## Assigned task
Repeat every line of the listing below exactly, minus the pictures.

## Data below

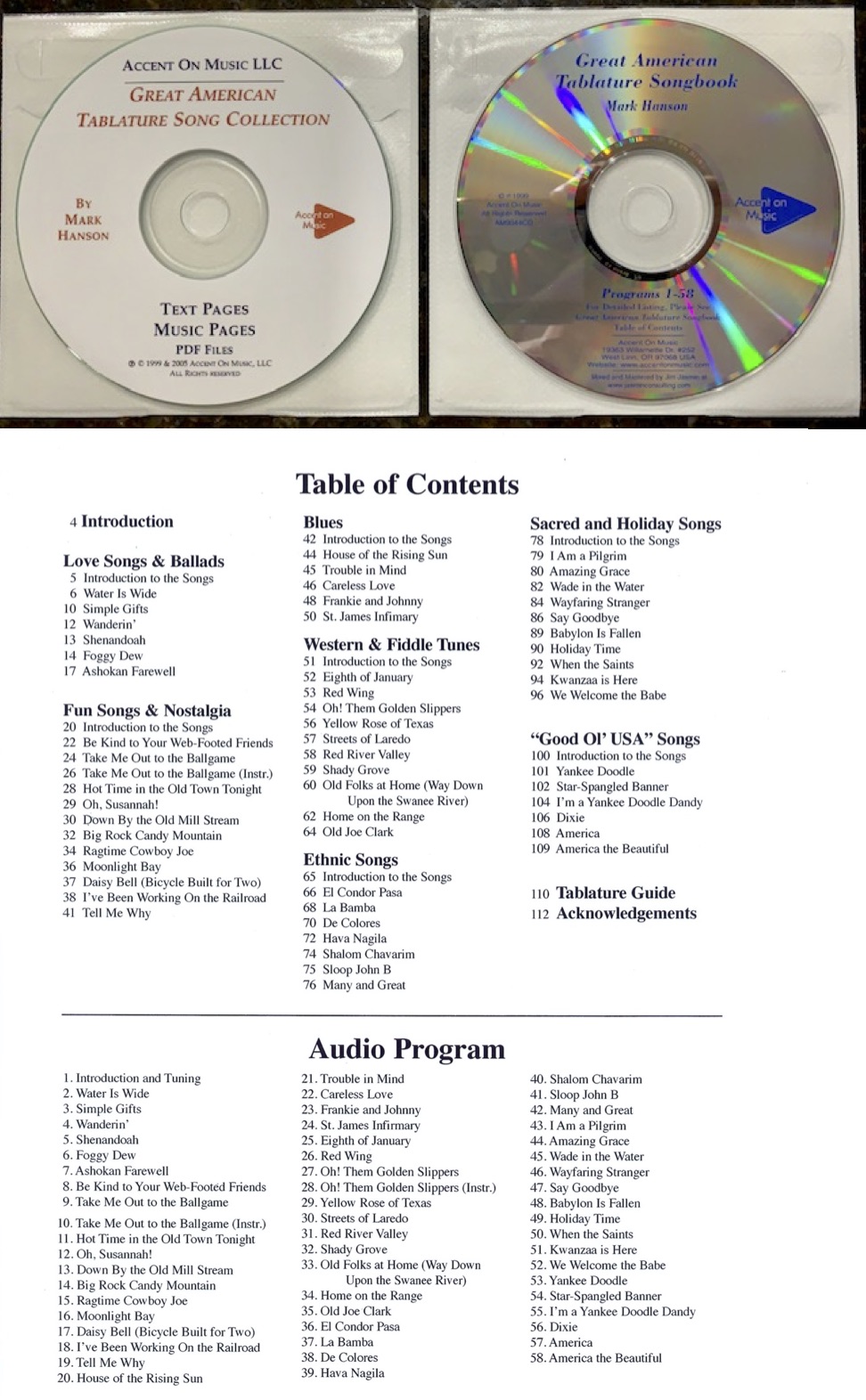 TAB and standard notation are provided as .pdf documents on CD-1, while audio examples on CD-1 include the guitar part panned to one side while a vocal is panned to the other.
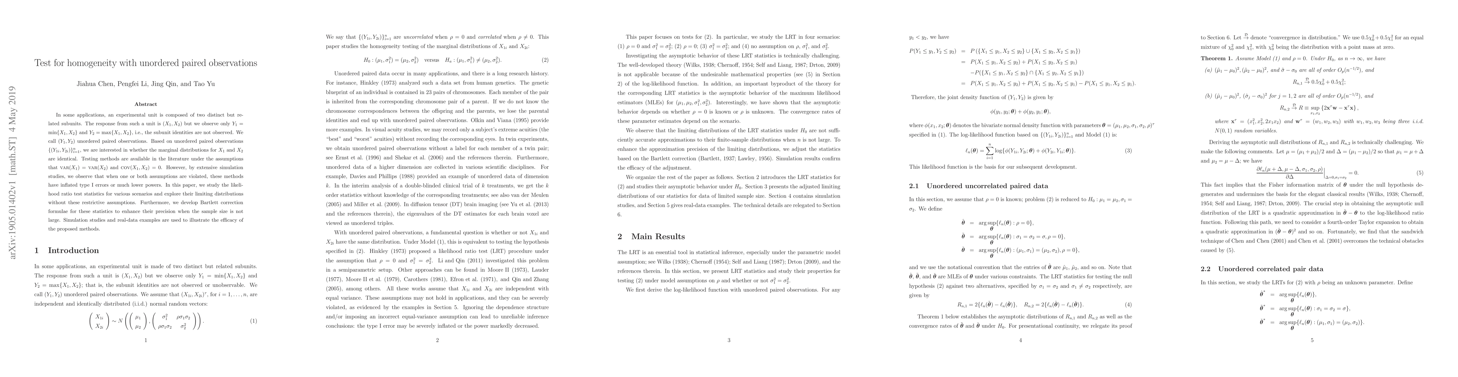 In some applications, an experimental unit is composed of two distinct but related subunits. The response from such a unit is $(X_{1}, X_{2})$ but we observe only $Y_1 = \min\{X_{1},X_{2}\}$ and $Y_2 = \max\{X_{1},X_{2}\}$, i.e., the subunit identities are not observed. We call $(Y_1, Y_2)$ unordered paired observations. Based on unordered paired observations $\{(Y_{1i}, Y_{2i})\}_{i=1}^n$, we are interested in whether the marginal distributions for $X_1$ and $X_2$ are identical. Testing methods are available in the literature under the assumptions that $Var(X_1) = Var(X_2)$ and $Cov(X_1, X_2) = 0$. However, by extensive simulation studies, we observe that when one or both assumptions are violated, these methods have inflated type I errors or much lower powers. In this paper, we study the likelihood ratio test statistics for various scenarios and explore their limiting distributions without these restrictive assumptions. Furthermore, we develop Bartlett correction formulae for these statistics to enhance their precision when the sample size is not large. Simulation studies and real-data examples are used to illustrate the efficacy of the proposed methods.
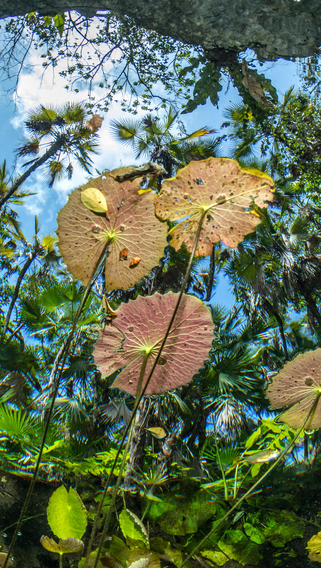A mesmerizing 4K wallpaper presents an immersive underwater view of water lilies floating in Cenote Nicte-ha, Tulum. The clear water reveals the intricate undersides of the lily pads alongside the vibrant jungle canopy and bright blue sky above, all beautifully distorted by surface reflections.

## Exercise solution
 TAB and standard notation are provided as .pdf documents on CD-1, while audio examples on CD-1 include the guitar part panned to one side while a vocal is panned to the other.
 In some applications, an experimental unit is composed of two distinct but related subunits. The response from such a unit is $(X_{1}, X_{2})$ but we observe only $Y_1 = \min\{X_{1},X_{2}\}$ and $Y_2 = \max\{X_{1},X_{2}\}$, i.e., the subunit identities are not observed. We call $(Y_1, Y_2)$ unordered paired observations. Based on unordered paired observations $\{(Y_{1i}, Y_{2i})\}_{i=1}^n$, we are interested in whether the marginal distributions for $X_1$ and $X_2$ are identical. Testing methods are available in the literature under the assumptions that $Var(X_1) = Var(X_2)$ and $Cov(X_1, X_2) = 0$. However, by extensive simulation studies, we observe that when one or both assumptions are violated, these methods have inflated type I errors or much lower powers. In this paper, we study the likelihood ratio test statistics for various scenarios and explore their limiting distributions without these restrictive assumptions. Furthermore, we develop Bartlett correction formulae for these statistics to enhance their precision when the sample size is not large. Simulation studies and real-data examples are used to illustrate the efficacy of the proposed methods.
A mesmerizing 4K wallpaper presents an immersive underwater view of water lilies floating in Cenote Nicte-ha, Tulum. The clear water reveals the intricate undersides of the lily pads alongside the vibrant jungle canopy and bright blue sky above, all beautifully distorted by surface reflections.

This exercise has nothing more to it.